My logic is, imagine I have a point in polar coordinates.
I could describe it as
$$\vec{p} = r \cos(\lambda) \hat{i}+ r \sin(\lambda)\hat{j}+0\hat{k}$$
Now the way I'm imagining this is that this point can sweep out the entire circle just by modifying $\lambda$.

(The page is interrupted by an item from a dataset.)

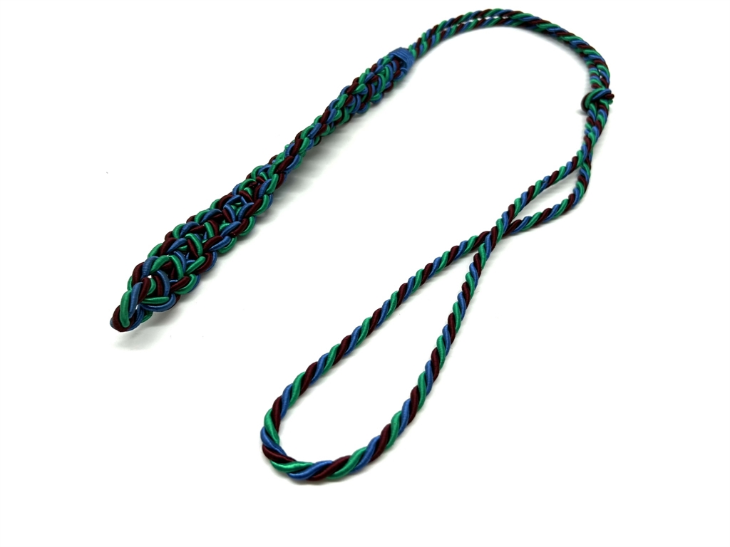 Cordone in nylon, colore verde, blu, amaranto per camicia banda musicale. Lunghezza totale da 84 a 88 cm. Peso lordo: 48 grammi. Prodotto in Italia.
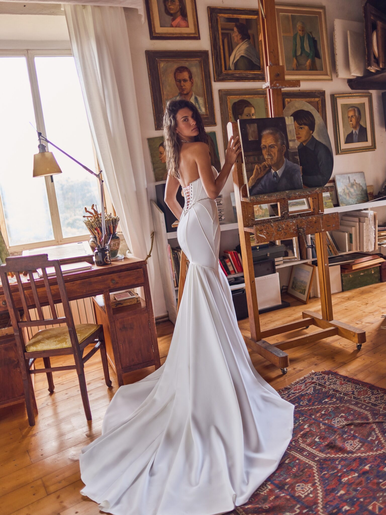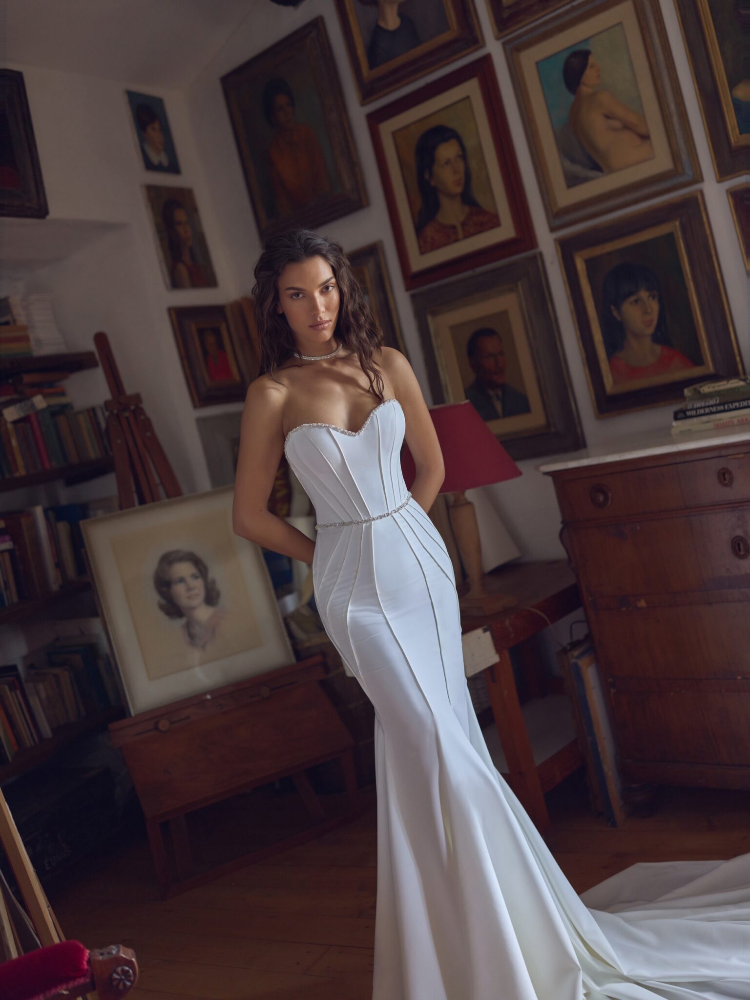 Сукня Odisea – вражаючий силует русалки, створений для того, щоб заявити про себе. Виготовлена з високоякісної костюмної тканини, сукня має скульптурний ліф з мерехтливими кришталевими прикрасами вздовж декольте та поясу, що додають нотку вишуканого блиску.

Intuitively, I can move this point so that the center of the circle it sweeps out lays at the point of the circle I want.
Thus, I can do
$$\vec{p} = \vec{c} + r \cos(\lambda) \hat{i}+ r \sin(\lambda)\hat{j}+0\hat{k}$$
However this still doesn't give me the right orientation. I wish the plane of the circle to be perpendicular to $\hat{v}$. I am stuck with my initial orientation of my circle and now I wish to reorient the circle along the unit vector $\hat{v}$.
How do I do this?
Method 1: 2 parameters, and you'd get a disc instead of a circle
Take all vectors on the unit ball with center at origin. Take their cross product with $\hat{v}$ (this will leave behind only that part of each vector which is perpendicular to $\hat{v}$. Finally multiply by $r$ and add $\vec{c}$ $$r(\cos(\theta)\cos(\phi)\hat{i}+\cos(\theta)\sin(\phi)\hat{j}+\sin(\theta)\hat{j})\times\hat{v}+\vec{c}$$
Method 2: 1 parameter, and you'd get a circle. But need to choose something first...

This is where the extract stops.